"We can't help but be concerned with the state of the economy," Canada said. "It's a real time bomb ticking, especially when you look at the states. What I worry about is, as we're making limited choices: Are we making the kind of decisions that will benefit the group of Americans that has been poor for the last 20 or 30 years?"
Promise Neighborhoods, one of the Obama administration's programs aimed at addressing childhood poverty, has not received full funding from Congress. The program, which is modeled on the Harlem Children's Zone, would replicate the intense geographic services provided in the zone (prenatal care, dental care, all-day kindergarten, quality schools, after-school arts, music and other programs). The cost is about $5,000 per child, and Canada raises much of his $70 million budget from private sources.
Twenty communities, including the Northern Cheyenne Indian Reservation in Montana and neighborhoods in Houston and Los Angeles, are preparing proposals to create their own zones with $10 million in planning money approved last year by Congress. But full implementation will cost the government $200 million and require similar levels of matching money from philanthropy and business. If that money is not appropriated this year, the program could lapse.
"We are in a moment of advocacy because we want to make sure that this program gets funded," said Angela Glover Blackwell, who attended the Haley farm retreat and is president of PolicyLink, a nonprofit organization that has helped communities apply for the Promise Neighborhoods program. "By the end of this year, we expect [some of] these groups to move into implementation. And we want to make sure that the funding is there."
Such funding could be unlikely at a time when Republicans in the House have promised to cut spending. Similarly, bipartisan commissions are working on plans to trim the deficit.

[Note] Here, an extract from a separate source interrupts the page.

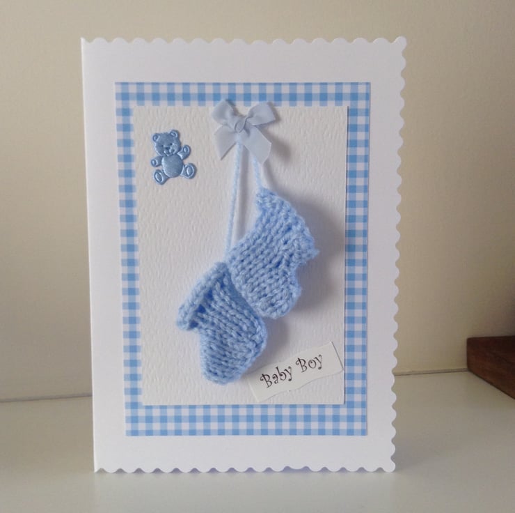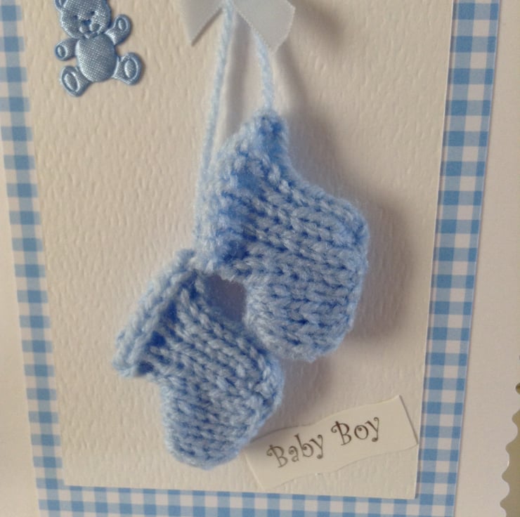 Card for a new baby boy features a cute pair of booties which I have hand knitted in blue acrylic and are hanging from a blue ribbon bow.

James H. Shelton III, head of the Department of Education's Office of Innovation and Improvement, said that this year the administration probably will have only an additional $10 million for the Promise Neighborhood program and will request more money for the program again in 2012.
"At a minimum, we could have a small-scale implementation, not nearly what we had anticipated," Shelton said. "Communities are moving ahead without benefit of federal resources. They are finding folks who share their vision and getting them to donate."
Edelman said she is similarly undeterred. "We can't let the political weather determine the fate of our children," she said. "Unlike 20 years ago, we know what works. Our task is to scale up."